When you drive through the underpasses when it’s raining, the oil and debris from the walls drip down on your vehicle, causing a mess,” Smith said. “I would like to have Norfolk Southern do the power washing again to alleviate this problem.”
Councilwoman Sherry Brown spoke to the police chief regarding complaints she had received from numerous individuals, especially females, about men asking them for money in front of the BB&T Bank on Second Avenue when they stop their vehicles at the four-way intersection, and said they appear to be part of the small homeless population that live under the bridges in town.
“They are also following them through town when they’re on foot, and that can be an unnerving experience for anyone,” Brown said. “The daughter of a local attorney was so scared by one following her today that she ran in her parent’s office and locked the door.”
“We have warned several of them to stop doing this and we’ve issued citations,” Blair said. “I need to get with the city attorney and see exactly how the ordinance regarding loitering and soliciting reads. If it’s an arrestable offense, that’s the route we will take.”
“Sometimes, the way the law is written, it ties our hands and we can’t do a lot.”
Councilman Thornsbury asked if more signs could be installed on Second Avenue to make it plain to drivers that it is a one-way street, saying that you can see vehicles going the wrong direction on a daily basis. The mayor assured him the signs would be installed and said there are several already in place.
Councilwoman Connie Rockel spoke with Blair about her plans to check the street lights in West Williamson for outages and also addressed the need to repair potholes in several different locations in her Ward.
Ralph Hall, an employee of Veolia Water who ran for city council in 2012, addressed the mayor and council about their decision to replace Thornsbury with Judy Hamrick, when he was the candidate who originally sought the seat.
“We made the decision we felt was best for the city,” McCormick said. “Judy is extremely knowledgeable and is a good fit for the council position.”
“Why was I not considered?” Hall asked.
“You were considered; your name did come up but we chose Hamrick instead,” replied the mayor.
“Just because you run for an office doesn’t mean you have to be chosen to fill it if it becomes vacant,” Smith said.
“I have a lot of respect for Judy and I think the world of her, this is nothing personal against her.

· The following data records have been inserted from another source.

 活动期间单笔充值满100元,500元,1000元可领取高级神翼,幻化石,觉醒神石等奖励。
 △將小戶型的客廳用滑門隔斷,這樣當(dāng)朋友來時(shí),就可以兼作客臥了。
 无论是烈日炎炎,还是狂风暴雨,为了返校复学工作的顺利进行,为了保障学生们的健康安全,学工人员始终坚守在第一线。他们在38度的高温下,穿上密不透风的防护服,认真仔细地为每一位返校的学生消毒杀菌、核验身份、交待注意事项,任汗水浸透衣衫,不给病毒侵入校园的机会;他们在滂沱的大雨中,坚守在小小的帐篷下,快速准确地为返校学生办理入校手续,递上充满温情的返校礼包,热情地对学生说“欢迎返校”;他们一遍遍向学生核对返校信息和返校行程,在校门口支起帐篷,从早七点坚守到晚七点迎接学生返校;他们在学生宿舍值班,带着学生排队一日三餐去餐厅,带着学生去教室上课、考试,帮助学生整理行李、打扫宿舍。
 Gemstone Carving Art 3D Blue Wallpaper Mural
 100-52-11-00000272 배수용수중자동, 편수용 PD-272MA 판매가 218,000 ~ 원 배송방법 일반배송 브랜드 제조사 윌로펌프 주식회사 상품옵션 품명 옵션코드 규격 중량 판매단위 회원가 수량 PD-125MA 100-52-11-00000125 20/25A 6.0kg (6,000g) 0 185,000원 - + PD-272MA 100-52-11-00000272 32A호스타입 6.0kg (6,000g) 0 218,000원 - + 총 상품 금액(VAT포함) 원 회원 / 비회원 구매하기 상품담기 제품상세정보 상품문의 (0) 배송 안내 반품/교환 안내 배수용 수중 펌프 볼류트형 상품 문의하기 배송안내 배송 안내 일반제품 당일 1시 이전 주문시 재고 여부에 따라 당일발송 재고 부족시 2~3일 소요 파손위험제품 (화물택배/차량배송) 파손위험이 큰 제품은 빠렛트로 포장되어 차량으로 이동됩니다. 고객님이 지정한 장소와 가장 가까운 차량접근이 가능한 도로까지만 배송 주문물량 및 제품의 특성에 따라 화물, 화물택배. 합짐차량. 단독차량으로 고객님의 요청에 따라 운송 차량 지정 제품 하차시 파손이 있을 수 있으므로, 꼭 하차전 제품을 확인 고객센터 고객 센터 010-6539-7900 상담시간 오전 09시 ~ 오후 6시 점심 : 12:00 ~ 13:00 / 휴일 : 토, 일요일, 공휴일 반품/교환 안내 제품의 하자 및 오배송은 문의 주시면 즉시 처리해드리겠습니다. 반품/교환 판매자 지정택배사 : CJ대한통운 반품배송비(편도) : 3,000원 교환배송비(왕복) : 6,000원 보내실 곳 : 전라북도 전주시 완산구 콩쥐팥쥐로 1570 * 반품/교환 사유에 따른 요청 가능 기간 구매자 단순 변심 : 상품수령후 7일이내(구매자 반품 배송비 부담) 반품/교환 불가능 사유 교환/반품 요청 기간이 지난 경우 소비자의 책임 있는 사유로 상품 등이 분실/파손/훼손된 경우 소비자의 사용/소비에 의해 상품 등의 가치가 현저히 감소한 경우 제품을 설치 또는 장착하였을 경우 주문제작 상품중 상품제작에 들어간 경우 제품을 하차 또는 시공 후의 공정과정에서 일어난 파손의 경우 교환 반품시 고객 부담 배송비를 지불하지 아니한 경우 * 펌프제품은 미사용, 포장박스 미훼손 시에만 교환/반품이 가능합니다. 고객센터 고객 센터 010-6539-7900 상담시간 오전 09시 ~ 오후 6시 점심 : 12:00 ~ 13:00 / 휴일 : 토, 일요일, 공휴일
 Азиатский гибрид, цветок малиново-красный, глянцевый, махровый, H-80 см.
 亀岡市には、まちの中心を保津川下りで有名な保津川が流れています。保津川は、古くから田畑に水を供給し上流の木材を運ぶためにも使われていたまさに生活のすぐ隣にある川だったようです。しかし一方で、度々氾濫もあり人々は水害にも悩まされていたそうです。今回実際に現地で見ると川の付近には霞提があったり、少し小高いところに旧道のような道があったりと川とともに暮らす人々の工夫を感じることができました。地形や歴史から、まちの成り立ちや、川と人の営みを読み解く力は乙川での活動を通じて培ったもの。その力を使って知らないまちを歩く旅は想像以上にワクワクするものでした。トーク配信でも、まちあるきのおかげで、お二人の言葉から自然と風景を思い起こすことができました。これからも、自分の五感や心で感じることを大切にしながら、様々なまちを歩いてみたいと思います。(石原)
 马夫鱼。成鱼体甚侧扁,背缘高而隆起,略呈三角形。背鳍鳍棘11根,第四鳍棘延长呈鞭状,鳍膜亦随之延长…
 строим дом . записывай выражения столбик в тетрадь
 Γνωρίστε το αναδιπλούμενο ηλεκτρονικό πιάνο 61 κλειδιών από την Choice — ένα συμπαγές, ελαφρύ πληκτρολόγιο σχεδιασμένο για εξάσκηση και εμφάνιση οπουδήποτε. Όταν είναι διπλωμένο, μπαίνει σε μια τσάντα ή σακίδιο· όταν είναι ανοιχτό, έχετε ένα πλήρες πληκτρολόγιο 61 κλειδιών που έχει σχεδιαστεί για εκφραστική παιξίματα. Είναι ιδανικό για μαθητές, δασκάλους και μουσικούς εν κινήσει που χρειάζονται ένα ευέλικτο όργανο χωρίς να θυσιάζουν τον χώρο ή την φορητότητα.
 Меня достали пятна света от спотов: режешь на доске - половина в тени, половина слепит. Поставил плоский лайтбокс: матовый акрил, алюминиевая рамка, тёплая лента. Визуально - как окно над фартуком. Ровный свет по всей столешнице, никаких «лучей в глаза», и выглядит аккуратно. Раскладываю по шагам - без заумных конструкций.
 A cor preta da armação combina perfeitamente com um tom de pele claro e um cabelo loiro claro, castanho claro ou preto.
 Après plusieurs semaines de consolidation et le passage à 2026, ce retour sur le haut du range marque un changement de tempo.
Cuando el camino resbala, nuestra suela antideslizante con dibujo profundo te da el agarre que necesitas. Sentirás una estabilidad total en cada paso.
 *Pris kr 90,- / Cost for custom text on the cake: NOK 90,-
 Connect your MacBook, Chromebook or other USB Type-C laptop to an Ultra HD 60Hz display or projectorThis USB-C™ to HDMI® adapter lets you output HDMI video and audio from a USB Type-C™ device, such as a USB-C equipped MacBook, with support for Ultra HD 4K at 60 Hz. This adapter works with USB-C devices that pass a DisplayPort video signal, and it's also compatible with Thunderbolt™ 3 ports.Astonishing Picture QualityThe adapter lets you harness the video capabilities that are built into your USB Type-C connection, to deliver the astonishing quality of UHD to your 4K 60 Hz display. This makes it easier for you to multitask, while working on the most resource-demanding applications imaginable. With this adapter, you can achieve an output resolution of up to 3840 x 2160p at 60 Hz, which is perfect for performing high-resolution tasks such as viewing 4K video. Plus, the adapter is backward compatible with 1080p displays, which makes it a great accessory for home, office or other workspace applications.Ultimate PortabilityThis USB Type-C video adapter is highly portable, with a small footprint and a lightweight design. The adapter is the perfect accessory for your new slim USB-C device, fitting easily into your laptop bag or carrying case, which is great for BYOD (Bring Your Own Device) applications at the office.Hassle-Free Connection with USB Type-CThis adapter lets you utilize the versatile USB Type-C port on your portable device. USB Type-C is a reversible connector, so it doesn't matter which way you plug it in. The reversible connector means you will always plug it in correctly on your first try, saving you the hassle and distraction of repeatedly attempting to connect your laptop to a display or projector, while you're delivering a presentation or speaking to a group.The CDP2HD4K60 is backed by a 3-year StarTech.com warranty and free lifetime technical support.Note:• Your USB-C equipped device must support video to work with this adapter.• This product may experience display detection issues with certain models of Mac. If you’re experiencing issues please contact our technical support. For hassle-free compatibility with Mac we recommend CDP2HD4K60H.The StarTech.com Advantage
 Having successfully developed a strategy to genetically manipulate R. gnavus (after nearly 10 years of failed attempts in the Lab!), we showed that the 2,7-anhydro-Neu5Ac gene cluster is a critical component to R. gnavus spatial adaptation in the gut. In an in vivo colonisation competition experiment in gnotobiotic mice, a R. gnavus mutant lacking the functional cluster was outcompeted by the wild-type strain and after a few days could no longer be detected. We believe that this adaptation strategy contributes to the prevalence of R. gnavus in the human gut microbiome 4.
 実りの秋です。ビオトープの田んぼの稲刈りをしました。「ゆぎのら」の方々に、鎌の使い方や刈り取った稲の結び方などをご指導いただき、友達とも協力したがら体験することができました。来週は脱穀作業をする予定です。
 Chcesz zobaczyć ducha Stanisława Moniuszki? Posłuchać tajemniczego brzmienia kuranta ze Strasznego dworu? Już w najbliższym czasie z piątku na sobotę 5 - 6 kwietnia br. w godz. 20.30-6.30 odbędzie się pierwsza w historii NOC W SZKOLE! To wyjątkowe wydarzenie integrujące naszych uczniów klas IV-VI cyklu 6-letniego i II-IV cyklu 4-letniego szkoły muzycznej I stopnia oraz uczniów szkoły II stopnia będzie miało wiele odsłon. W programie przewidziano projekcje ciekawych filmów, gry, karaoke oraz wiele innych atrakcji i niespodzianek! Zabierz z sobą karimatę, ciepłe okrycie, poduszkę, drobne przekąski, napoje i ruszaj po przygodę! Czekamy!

I just wanted to know why she was chosen instead of me,” Hall said. “I wish her all the best as a member of the Williamson council.”
At the conclusion of the meeting, the outgoing mayor addressed all those in attendance.
“It’s been an honor and privilege to serve the citizens of the city of Williamson,” McCormick said. It’s been a pleasure serving with these council members, as well as those I have served with in the past.”
“I love my hometown, and I hope that in the future I can once again serve in some capacity to continue working to move Williamson in a positive direction,” he said.
“I want to say thank you to all those who have supported me and my family, and who have extended kind words over the past two weeks. Your kindness and friendship means more than I can say.”
McCormick encouraged the public to continue to attend council meetings, saying that being active in local government is what it takes to see positive results.
“You have definitely been a working mayor,” Smith said. “There’s a lot that you have accomplished and set into motion that most people don’t even know about.”
Smith summed up his feelings regarding McCormick’s resignation in one sentence: “You will be missed.”
The next regularly scheduled meeting of the Williamson City Council will take place at 6 p.m. May 15.